Пока Темир выкладывал свои доводы, я вспомнил про загадочный шкаф. И сказал:

“Ладно. Журнал твой, если покажешь книги, которые хранятся в твоем шкафу”.

“Это не мои, это бабкины книги”.

“Как хочешь”.

Соблазн был велик. Темир сдался.

И мы оказались в доме. В сумрачном, тихом.



Девяностолетняя бабка давно уже не вставала с постели.

Я молча прошел в большую комнату, и пока Темир что-то объяснял бабке, потрясая книжкой “Нового мира”, я открыл тяжелые застекленные дверцы. И найденное в шкафу многое и навсегда определило в моей жизни. И уничтоженные впоследствии цензурой книги, и неприятности с книгами, выходившими в свет, и отношения с пишущими коллегами, а главное — смысл того, чем я занимался и занимаюсь. В шкафу оказалось многое из того, что яростно отвергал Селивановский. Первые издания Сергея Буданцева, Бруно Ясенского, Артема Веселого. На титуле “Гуляй-Волги”, например, красовался автограф: “Щербатому коновалу — лучшему из четырех, Артем Веселый”. Оказывается, погибший в лагере отец Темира дружил с писателем (тоже погибшим). Там были книги, названия которых, казалось, навсегда исчезли из советской печати. Это, кстати, позволяет мне сейчас если не разрушить, то хотя бы поколебать давний и надоевший миф о том, что в конце тридцатых годов, в эпоху больших репрессий, читающие люди все, как один, старательно избавлялись от книг, скопившихся в их квартирах. Да, конечно, одни книги сжигались, другие выбрасывались, из третьих выдирались портреты опальных деятелей, но такие упрямые бабки (а их было немало), как бабка Темира Федорова, покидая города, в которых им отныне запрещалось жить, тащили с собой не только ложки-вилки, бедный свой скарб, но книги, книги! Волей вождя всех времен и народов пространство Советского Союза неустанно покрывалось томиками Бабаевского и Фадеева, Павленко и Мальцева, а волею высылаемых на северба бабок то же самое пространство так же неустанно покрывалось томиками Бабеля и Буданцева, Артема Веселого и Бруно Ясенского, даже того же Селивановского. На гнезда такой вот великолепной “антисоветской литературы” я не раз позже наталкивался в Благовещенске, в Хабаровске, в Новосибирске, в Свердловске, в Томске, даже в Южно-Сахалинске и в Магадане, не говоря уж про Питер и про Москву.

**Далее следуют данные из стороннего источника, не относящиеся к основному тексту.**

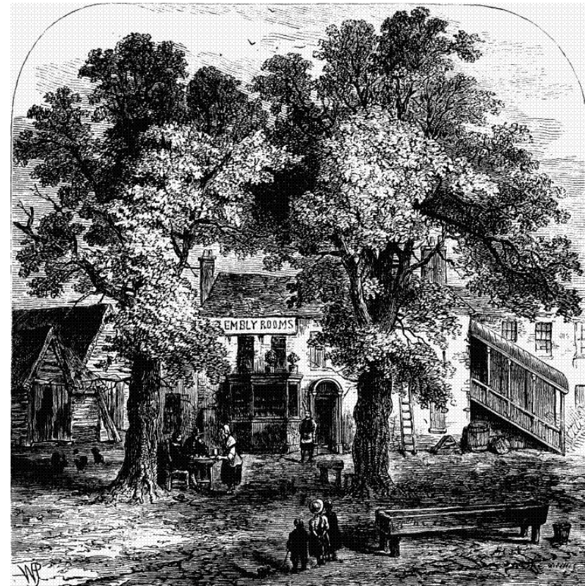
Figure 3: Assembly House, 19th century.

and where many cheerful evenings were spent as far as the Glass and Pipe could furnish, to pass a convivial hour, which often cheered their buoyant spirits and sent them home 'merry'.' (Figure 3).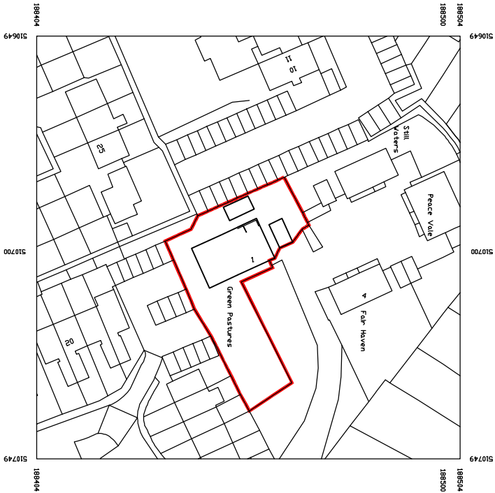
Location Plan scale 1:1250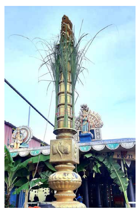
Hoisting of the flag, indicating the beginning of the fasting.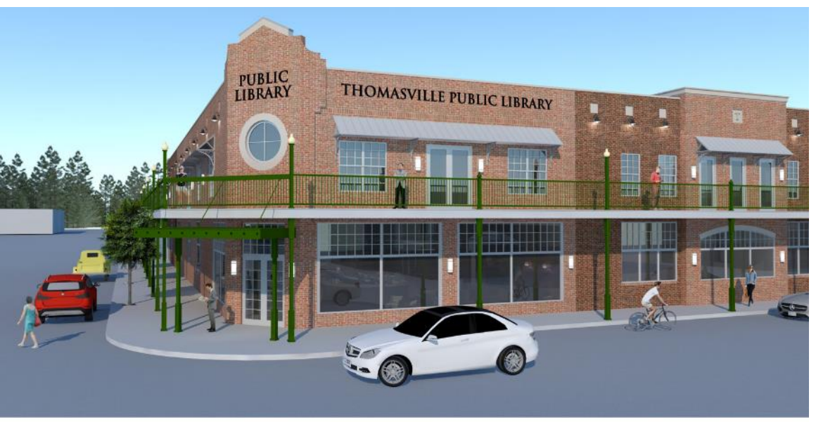
Thomasville Public Library Thomasville, Alabama

Книгу уничтожить трудней, чем кажется.

 

А с Александром Исаевичем Солженицыным я познакомился в 1994 году, когда, вернувшись из США, писатель следовал железнодорожным путем из Владивостока в Москву. В Новосибирске организовали большую встречу с писателем в Доме ученых, но я участвовал в беседе с ним за круглым столом в Институте ядерной физики. О странном приобщении благодаря его повести к миру истинной литературы я с Солженицыным, конечно, не говорил, но получил возможность задать давно мучивший меня вопрос: “Считаете вы себя писателем или проповедником или, может, пророком?” Не буквально этими словами, но за смысл ручаюсь. Александр Исаевич ответил честно и очень по-своему: “Если бы коммунисты покаялись во всех совершенных ими преступлениях, я бы оставил писание книжек”.

Не знаю, не знаю.

Вот что меня сейчас грызет.

А если бы в том 1962 году редакция “Нового мира” напечатала бы “Крутой маршрут” Евгении Гинзбург, а не повесть Солженицына (такой вариант рассматривался), как изменилась бы судьба страны? И как изменилась бы судьба моя собственная?

Нет ответа.

 

Осенью 1968 года я работал в поле на севере Сахалина — мысе Марии. А в Южно-Сахалинском книжном издательстве готовилась к выходу первая книжка моих стихов. Я буду дарить эту книжку девушкам, мечтал я в маршрутах. Я пошлю книжку своим болгарским друзьям. Времена изменились, можно печатать стихи чисто лирические, личностные, об упадничестве сейчас говорят только в крайних случаях, жизнь меняется. Вон даже Солженицыну хотели дать Государственную премию.

Но в издательстве, где я появился осенью, настроение почему-то царило далеко не праздничное. Директор меня не принял, а редактор книжки дал странный совет. Наверное, перепутал порядок ходов, как говорят шахматисты. “Твоя книжка уже готова, — сказал он, странно оглядываясь, будто нас могли подслушать. — Осталось только подписать ее в свет… Правда, у Лито появились вопросы”. Он посмотрел на меня круглыми глазами. “Сходи в Лито сам. К цензору. Она умная. Сам увидишь”.